Custom Solutions

Our custom solutions further the understanding of cancer and facilitate the development of new diagnostics and therapeutics through our pioneering research approaches and novel technologies.

Tissue

Cancer whole genome analysis

Analysis of the whole genome allows for the most comprehensive understanding of somatic (tumor-specific) alterations. The Cancer Whole Genome service evaluates the coding regions of the genome for sequence mutations (single base and small insertions/deletions) and copy number alterations as well as the entire genome for rearrangements. Further in-depth computational analyses using CHASM, Digital Karyotyping, and other approaches allows the differentiation of passenger (unimportant mutations) from oncogenic mutations.

Cancer genome germline analysis

Cancer Germline Analysis is a process in which DNA from normal cells, typically from blood or saliva, is analyzed for mutations that have been inherited. Such mutations may lead to a predisposition to cancer. Often germline analyses will be performed across a family.

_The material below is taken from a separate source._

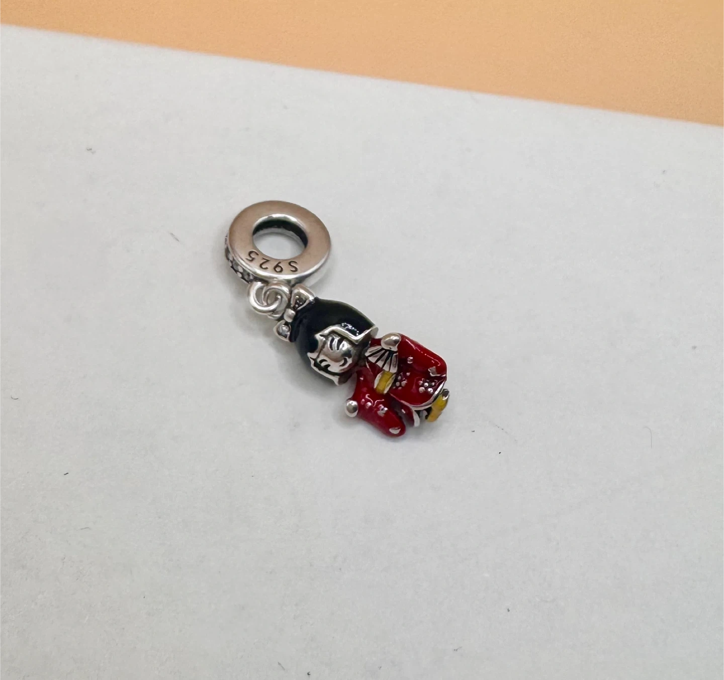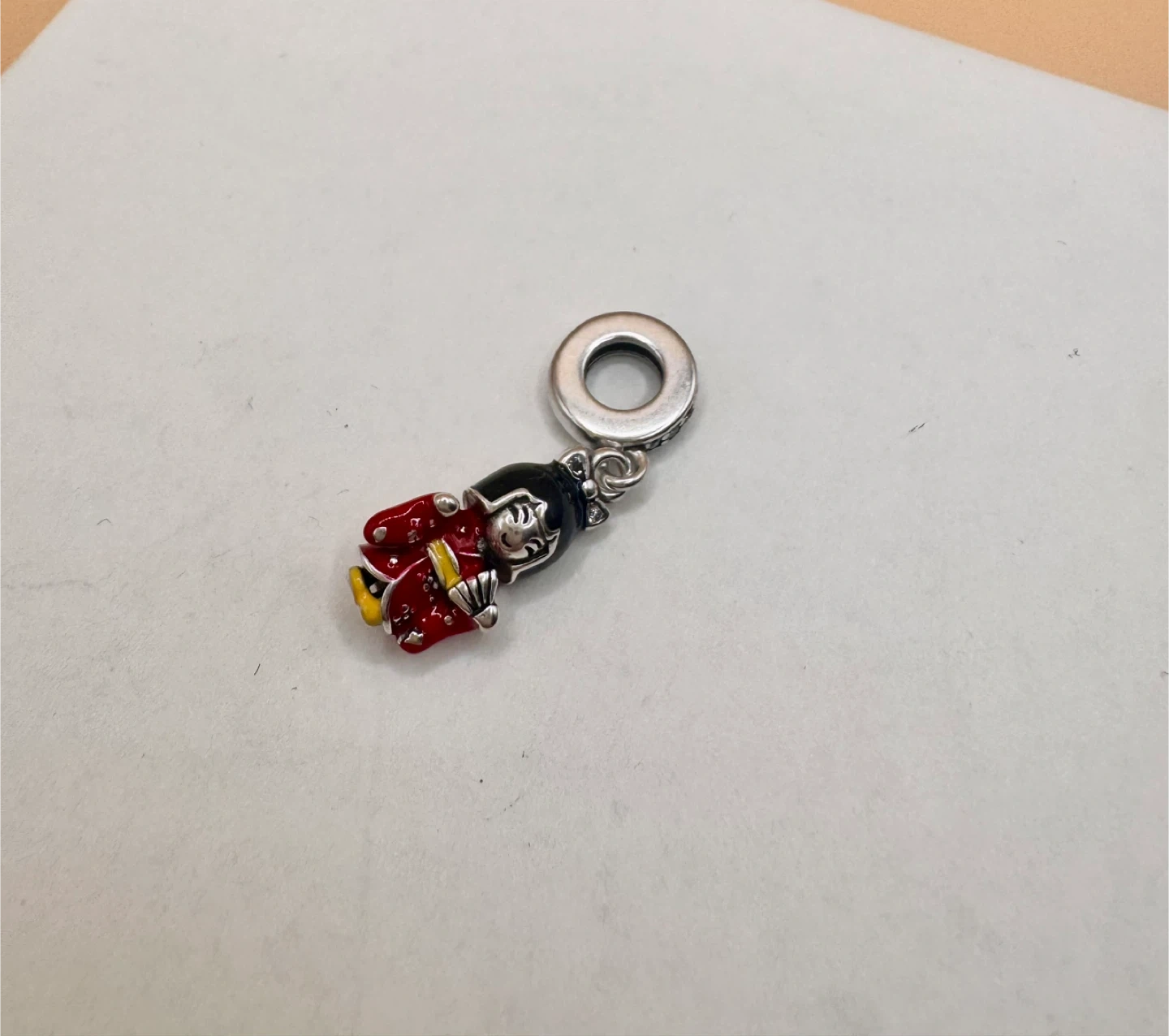 This S925 sterling silver charm features a detailed Queen's Guard figure. It's crafted with colourful enamel accents. This charm is perfect for adding a unique touch to your bracelet!
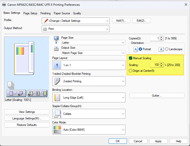 ⚠️ Important: If you allow windows to control the output of the printer, it may be setting these options for you automatically. Double check your printer settings, print one invoice and test.

Cancer bioinformatic analysis

The Cancer Bioinformatic Analysis service applies our patented approaches for novel genetic analyses and proprietary data analysis algorithms to analyze next-generation sequencing data generated in a number of formats from other sources. Analysis can include identification of rearrangements, insertions, deletions and copy number changes as well as sequence mutations. Additional in-depth computational analyses applied include CHASM, Digital Karyotyping and other proprietary approaches. We request that data be provided in BAM, FASTQ or export.txt format.

Liquid Biopsy

Whole genome sequencing of ctDNA

Whole Genome Sequencing of ctDNA (Circulating Tumor DNA) employs next-generation paired-end sequencing of cell-free DNA isolated from plasma to identify sequence and chromosomal alterations characteristic of tumor DNA. Such alterations include sequence mutations (single base and small indel), copy number changes (gains and losses of chromosome arms) as well as rearrangements resulting from translocations, amplifications, or deletions.

ctDNA analyses

PGDx will design a custom, target-specific assay to detect and quantify small fractions of ctDNA in the plasma. This targeted sequencing approach allows for the detection of sequence mutations, copy number alterations, and somatic rearrangements in selected genes or regions of interest.